Yep, this is the rock everyone is talking about
For most Mormons, unless you have been living under a rock, you’ve been seeing a lot of one on your Facebook and Twitter feeds. Maybe you shrugged your shoulders and scrolled down. Or maybe you totally freaked out. Most, I suspect, are mildly surprised, somewhat curious, and perhaps a little unsettled, but nothing you can’t get over. While not really “hidden” (as some would have it), it is true that we have not really talked much about it as Latter-day Saints. It has not played any real role in our social memory—that is, in the stories about who we are as a community, which we share and perpetuate as a community—so it is understandably unfamiliar to us. Those who dig a little deeper might find that there was a lot of this kind of thing in the early years of the Church. From not simply a historical, but an anthropological perspective, there is really nothing surprising about that the fact that as a community, we have only remembered the things we deemed important and forgot the rest. Still, finding that Joseph Smith’s story of an angel and gold plates can be told—as it most certainly was in Joseph’s early years—in a way that makes it seem indistinguishable from the popular folklore of the day can be a little discomforting.

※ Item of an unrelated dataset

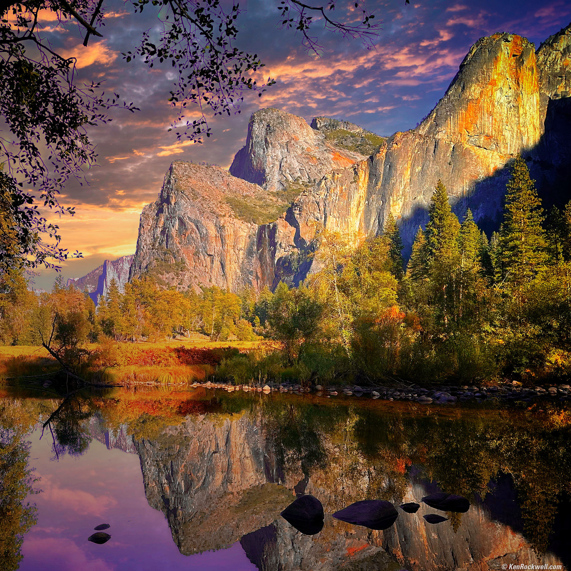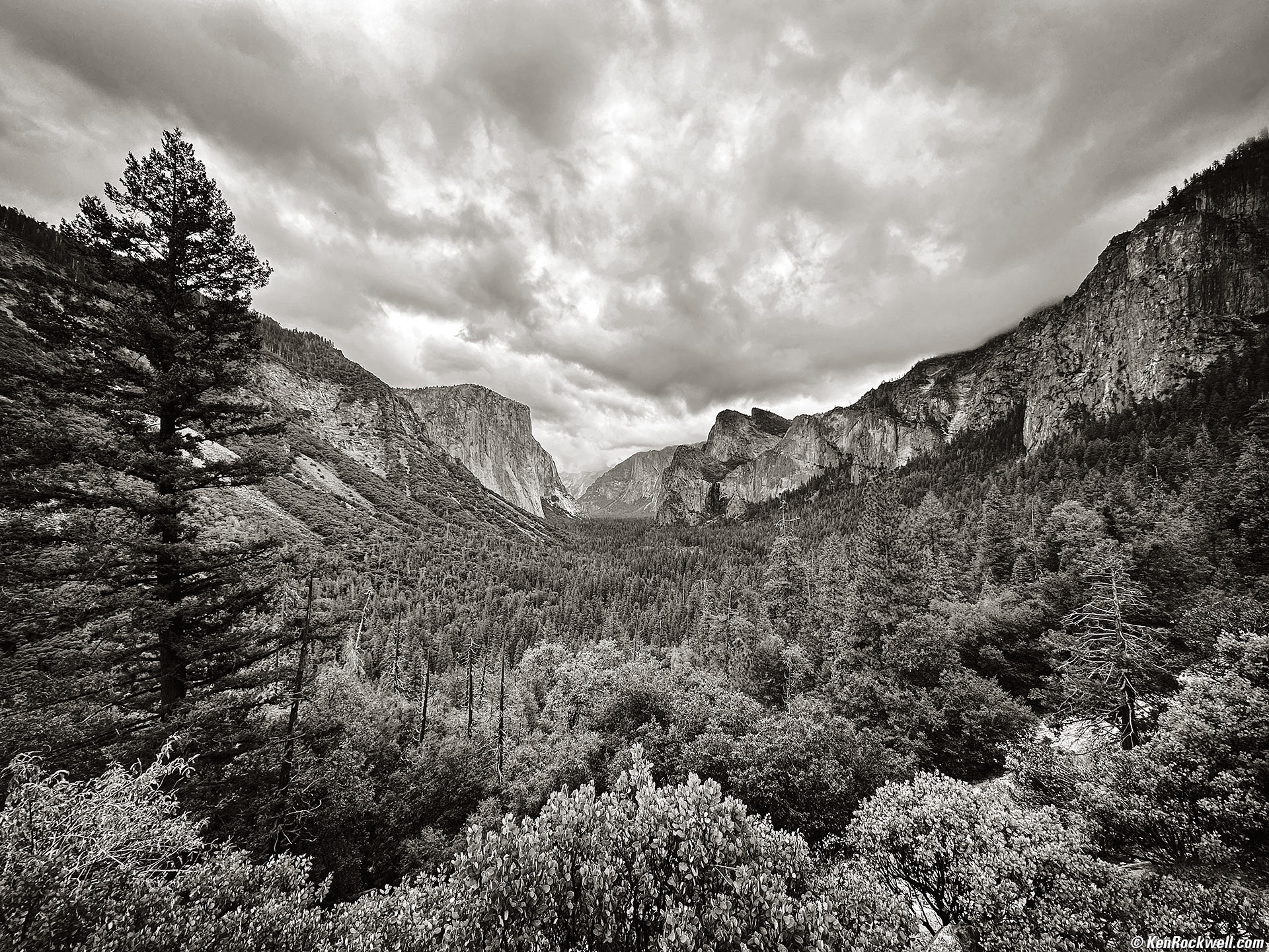 Valley View with Dramatic Sunset Clouds, Yosemite National Park, California, 4:16 P.M., 21 October 2022. Apple iPhone 14 Pro Max 1× (6.9mm actual or 24mm eq.) camera (equivalent to a little cropping from the ZEISS 50mm f/4 DISTAGON on HASSELBLAD 6×6), f/1.8 at 1/1,062 at Auto ISO 80 (LV 12.0). More tech details. bigger or fit-to-screen. I'm so bad. Artists know the only rule is that there are no rules. First I fiddled with this in the free Snapseed app in my iPhone right as I made the image. I amped it up, but the sky was blank. No problem; Skylum Luminar Neo made it trivially easy to add a sky. I added vignetting for emphasis and removed the boring left side and empty bottom and cropped it into a tighter square. Here's what came out of the iPhone, which is exactly as it looked to my eye — but not to my imagination: As shot. bigger. It's not just the crazy clouds and colors I added; cropping what's not needed both horizontally and vertically let what is important grow and make for a much stronger image. Laugh all you want, but artists have been adding skies to landscapes forever, and photographers have been adding clouds to photos since the 1800's using different optically-printed negatives on different masked sections of printing paper. This is nothing new; back in olden days plates and film were only sensitive to blue and ultraviolet light and it was nearly impossible to get a sky to appear in the same image as the foreground.

On the other hand, some wonder why the seer stone is not used anymore today. Frankly, I think the answer to both of these issues is that, as the Lord has explained, revelation comes according to the language and understanding of his servants (D&C 1:24; 2 Nephi 31:3).  In a brilliant paper, Mark Alan Wright explains,
Language is not limited to the words we use; it also entails signs, symbols, and bodily gestures that are imbued with meaning by the cultures that produced them. As with spoken language, symbolic and gestural languages are culturally specific and can be fully understood only by those entrenched within that particular culture. 
In short, all revelation is imbedded within a cultural context. Wright illustrates this point by documenting an interesting trend: in the Book of Mormon, revelations described in the earliest portion of the text fit well within an ancient Israelite context, while later revelations begin to take on characteristics more fitting within Mesoamerica.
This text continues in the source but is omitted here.